TASK DETAILS:
Every line in the data below has to be repeated exactly; no picture belongs in the result.

DATA EXCERPT:

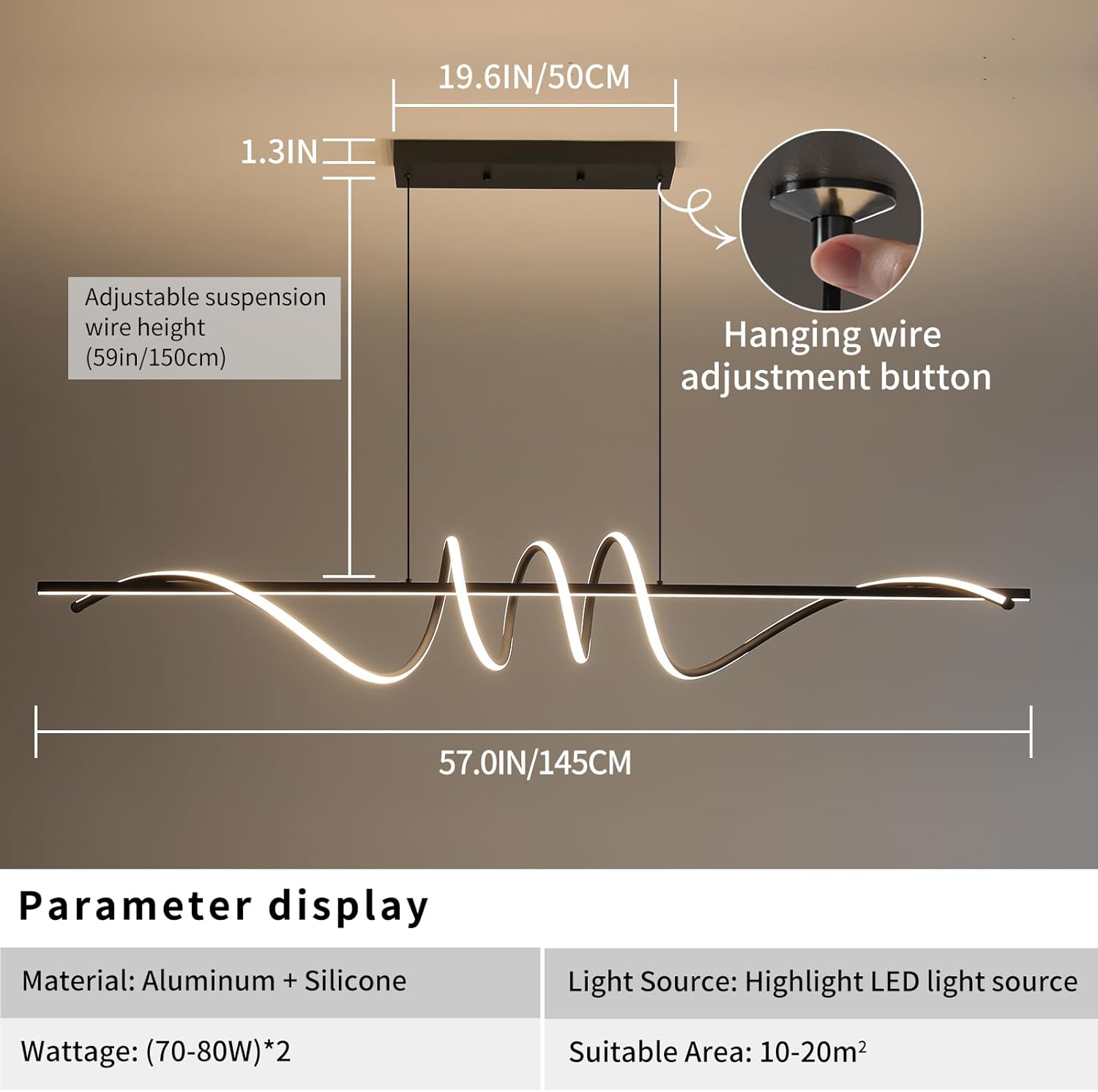 Modern Ceiling Chandelier Light, Acrylic Anti Flicker Pendant Lamp with Remote Control Dimmable 3 Color Mode & Brightness (Warm Cool Neutral Light) for Kitchen Bar(Black,57IN
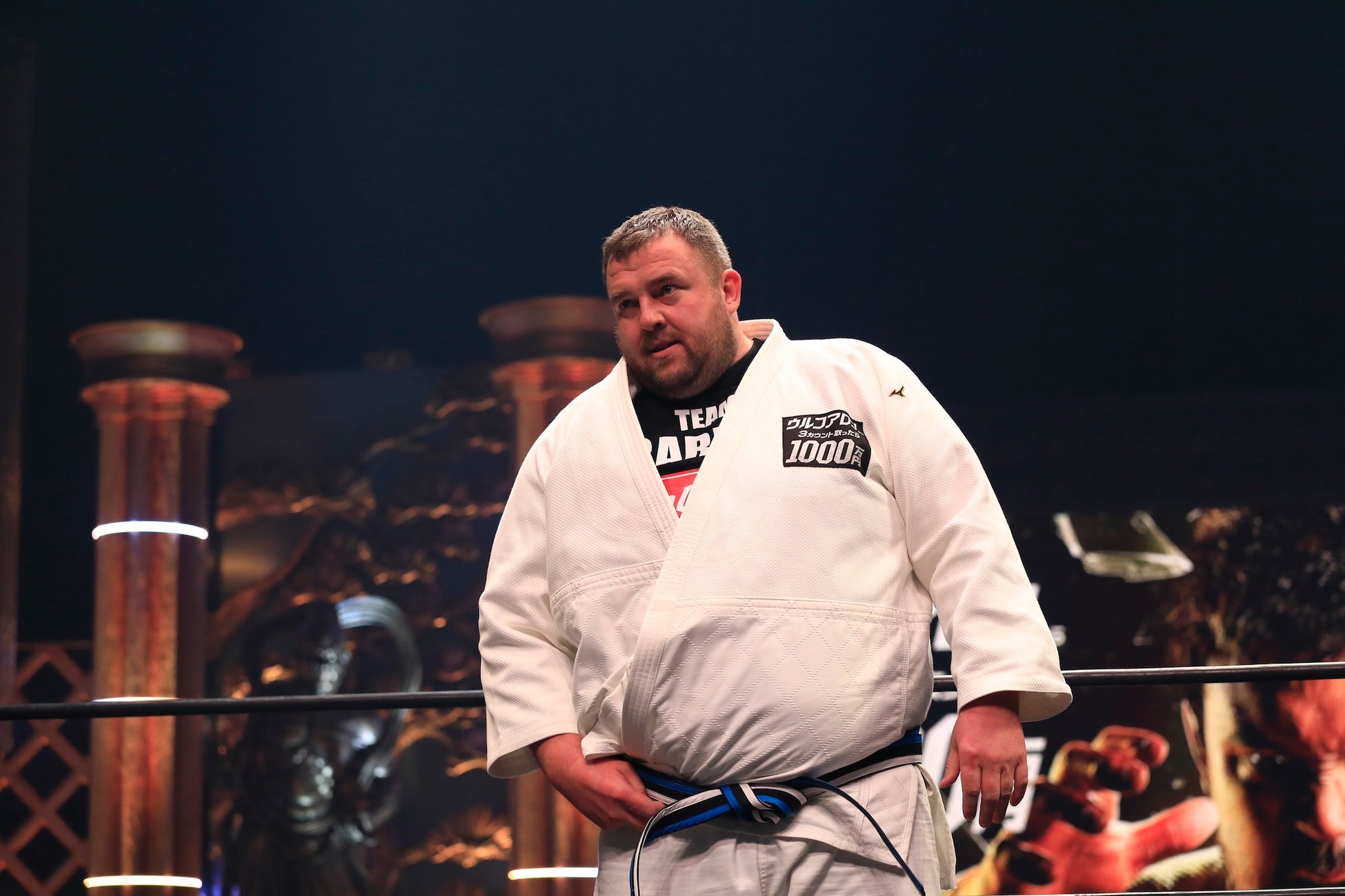 続いて登場したのは、身長197cm・体重200kgの元大関・把瑠都。規格外の体格とパワーを誇る相手に、試合は開始直後から激しいぶつかり合いとなります。突進する把瑠都に対し、ウルフは距離を保ちながら冷静に対応。フェイントで隙を生み出すと、開始から43秒で得意の大内刈りを決め一本勝ち。圧巻の決着に会場は大きく沸きました。
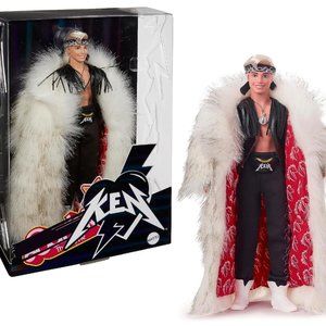 This collectible Ken® doll wows in a statement look inspired by Ken’s rebel rocker outfit in Barbie™ The Movie. He wears a dramatic faux fur coat over a black fringe vest and joggers. Styled just like film Ken, he makes a great gift for fans and collectors alike! Doll stand included. Doll cannot stand alone. Colors and decorations may vary.
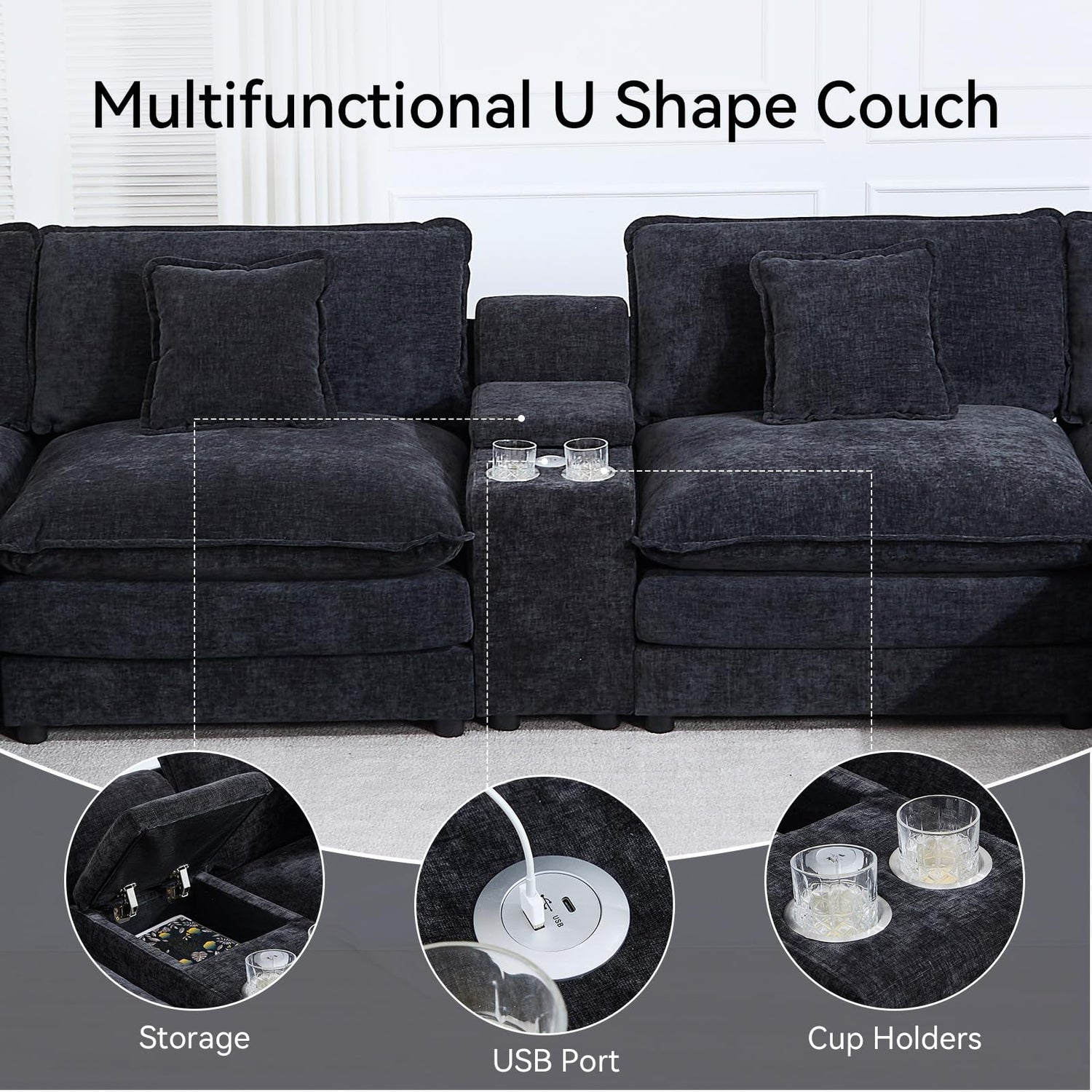 • Multifunctional Sectional Couch: The large U-shaped sofa features a hidden storage space, cup holders and USB port in the center, making it easy to keep drinks within reach and charge your devices while you're watching a movie, reading or chatting casually. Considering the modern family's need for convenient and efficient living, the multifunctional design of our 6 seater sofa greatly enhances the comfort and convenience of home life

REPLY TO THE TASK:
 Modern Ceiling Chandelier Light, Acrylic Anti Flicker Pendant Lamp with Remote Control Dimmable 3 Color Mode & Brightness (Warm Cool Neutral Light) for Kitchen Bar(Black,57IN
 続いて登場したのは、身長197cm・体重200kgの元大関・把瑠都。規格外の体格とパワーを誇る相手に、試合は開始直後から激しいぶつかり合いとなります。突進する把瑠都に対し、ウルフは距離を保ちながら冷静に対応。フェイントで隙を生み出すと、開始から43秒で得意の大内刈りを決め一本勝ち。圧巻の決着に会場は大きく沸きました。
 This collectible Ken® doll wows in a statement look inspired by Ken’s rebel rocker outfit in Barbie™ The Movie. He wears a dramatic faux fur coat over a black fringe vest and joggers. Styled just like film Ken, he makes a great gift for fans and collectors alike! Doll stand included. Doll cannot stand alone. Colors and decorations may vary.
 • Multifunctional Sectional Couch: The large U-shaped sofa features a hidden storage space, cup holders and USB port in the center, making it easy to keep drinks within reach and charge your devices while you're watching a movie, reading or chatting casually. Considering the modern family's need for convenient and efficient living, the multifunctional design of our 6 seater sofa greatly enhances the comfort and convenience of home life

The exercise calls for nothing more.